This study is the first to perform the MNIST handwritten digit classification benchmark task using an NWN device. In a previous study, Milano et al.65 simulated an NWN device and mapped the readouts to a ReRAM cross-point array to perform in materia classification (with a 1-layer neural network) of the MNIST digits, achieving an accuracy of 90.4%. While our experimental implementation is different, readouts from their simulated NWN device also exhibited diverse dynamics and distinct states in response to different digit inputs, similar to that observed in this study. Other studies using memristor cross-bar arrays as physical reservoirs achieved lower MNIST classification accuracies74,75. In contrast, NWN simulation studies achieved higher classification accuracies of 98% by either pre-processing the MNIST digits with a convolutional kernel62 or placing the networks into a deep learning architecture76.

In this study, the relatively high classification accuracy achieved with online learning (93.4%) can be largely attributed to the iterative algorithm, which is based on recursive least squares (RLS). Previous RC studies by Jaeger et al.77,78 suggested that RLS converges faster than least mean squares (similar to gradient-based batch methods), which tends to suffer more from numerical roundoff error accumulation, whereas RLS converges in a finite number of steps and uses the remaining training samples for fine-tuning69. This is evident in our results showing incremental learning of the weight matrix and is also corroborated by our mutual information analysis. While we performed online classification in an external digital layer, it may be possible to implement the online learning scheme in hardware using, for example, a cross-point array of regular resistors, which exhibit a linear (i.e., Ohmic) response. Such a system would then represent an end-to-end analogue hardware solution for efficient online dynamical learning in edge applications29,79. An all-analogue RC system was recently demonstrated by Zhong et al.30 using dynamic resistors as a reservoir and an array of non-volatile memristors in the readout module.
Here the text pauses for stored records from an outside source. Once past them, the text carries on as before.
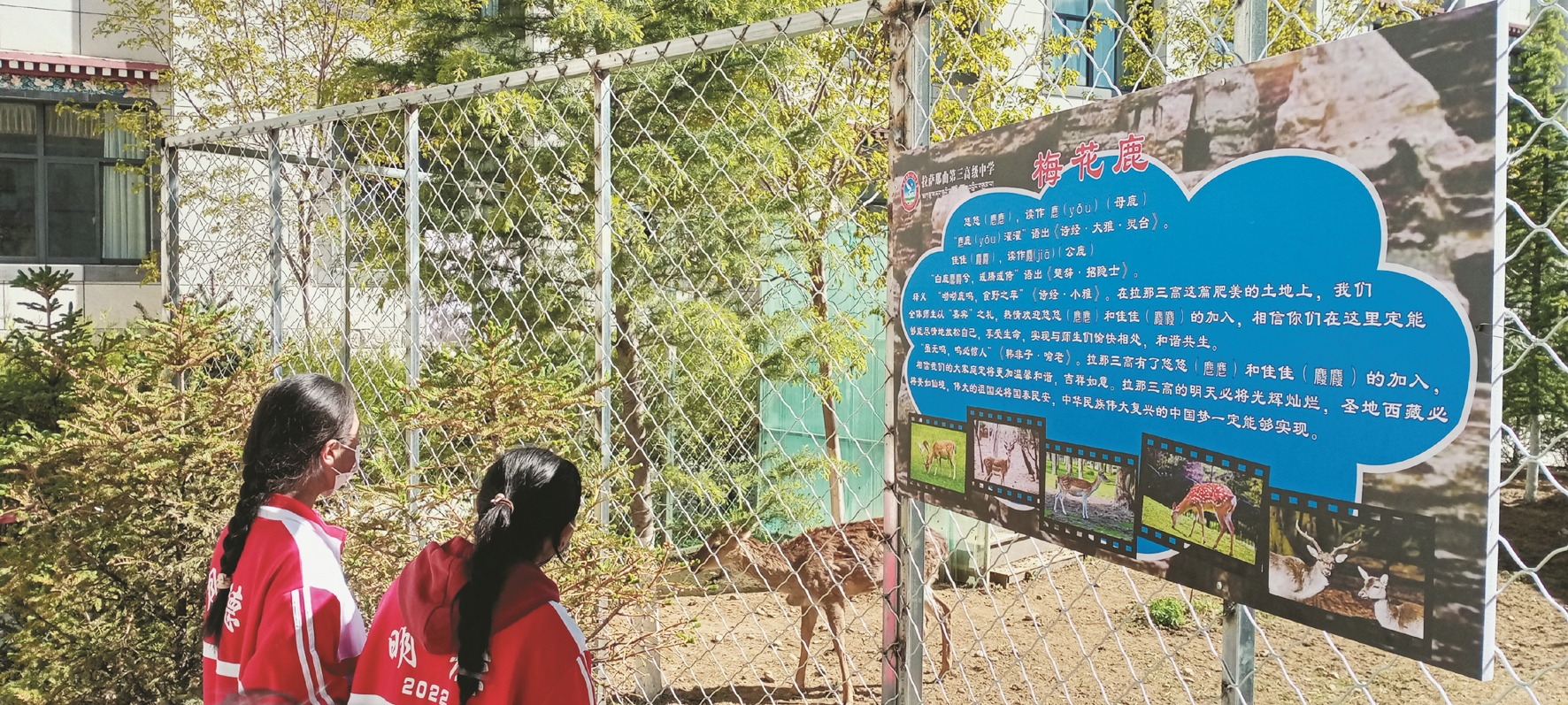 圖為拉薩那曲三高的學(xué)生正在觀看梅花鹿。拉薩融媒記者 齊永昌攝
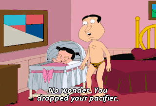 No wonder. You dropped your pacifier. You have a baby? Yeah, it's a long story. Damn kid's kept me up every night for two weeks. Now, where were we? Giggity Giggity... (SNORING)
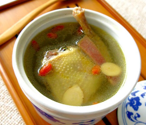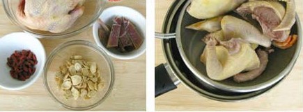 乳鴿、黃芪、枸杞、火腿、姜片、鹽。
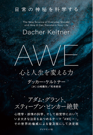 今、世界で注目が集まるテーマ「AWE(オー)」の全貌を明らかにした一冊『AWE 心と人生を変える力 日常の神秘を科学する』(ダッカ―・ケルトナー:著、山崎繭加、松本紹圭:訳 原題『Awe: The New Science of Everyday Wonder and How It Can Transform Your Life』)が、本日3月25日に発売となります。

Other studies have exploited the structure of memristor cross-bar arrays to execute matrix–vector multiplication used in conventional machine learning algorithms for MNIST classification, both in experiment80,81 and simulation82,83, although crosstalk in memristor cross-bars limits the accuracy of classification implemented in this type of hardware80.

Beyond physical RC, unconventional physical systems like NWNs could potentially be trained with backpropagation to realise more energy-efficient machine learning than is currently possible with existing software and hardware accelerator approaches84. Furthermore, a related study by Loeffler et al.85 (see also refs. 86,87) demonstrates how the internal states of NWNs can be controlled by external feedback to harness NWN working memory capacity and enable cognitive tasks to be performed.

Information-theoretic measures like mutual information (MI) have been widely used to assess the intrinsic dynamics in random Boolean networks88,89, Ising models90, and the learning process of echo state networks91 as well as artificial neural networks (ANNs)92. In a previous simulation study62,64, we found that transfer entropy and active information storage in NWNs reveal that specific parts of the network exhibit richer information dynamics during learning tasks, and we proposed a scheme for optimising task performance accordingly. However, such element-wise calculations are not feasible for physical NWN hardware devices because the number of readouts from the system is limited by the size of the MEA. In this study, we applied a similar approach to that used in Shine et al.92 to estimate the information content of ANNs at different stages during the MNIST classification task. They found unequal credit assignment, with some image pixels, as well as specific neurons and weights in the ANN, contributing more to learning than others. In our case, by investigating the information content embedded in the NWN readouts, we found that the learning process synchronises with the information provided by the dataset in the temporal domain, while each readout channel provides distinct information about different classes. Interestingly, we also observed some indication of channel preference for a specific digit class, which could potentially be further exploited for channel-wise tuning for other learning tasks.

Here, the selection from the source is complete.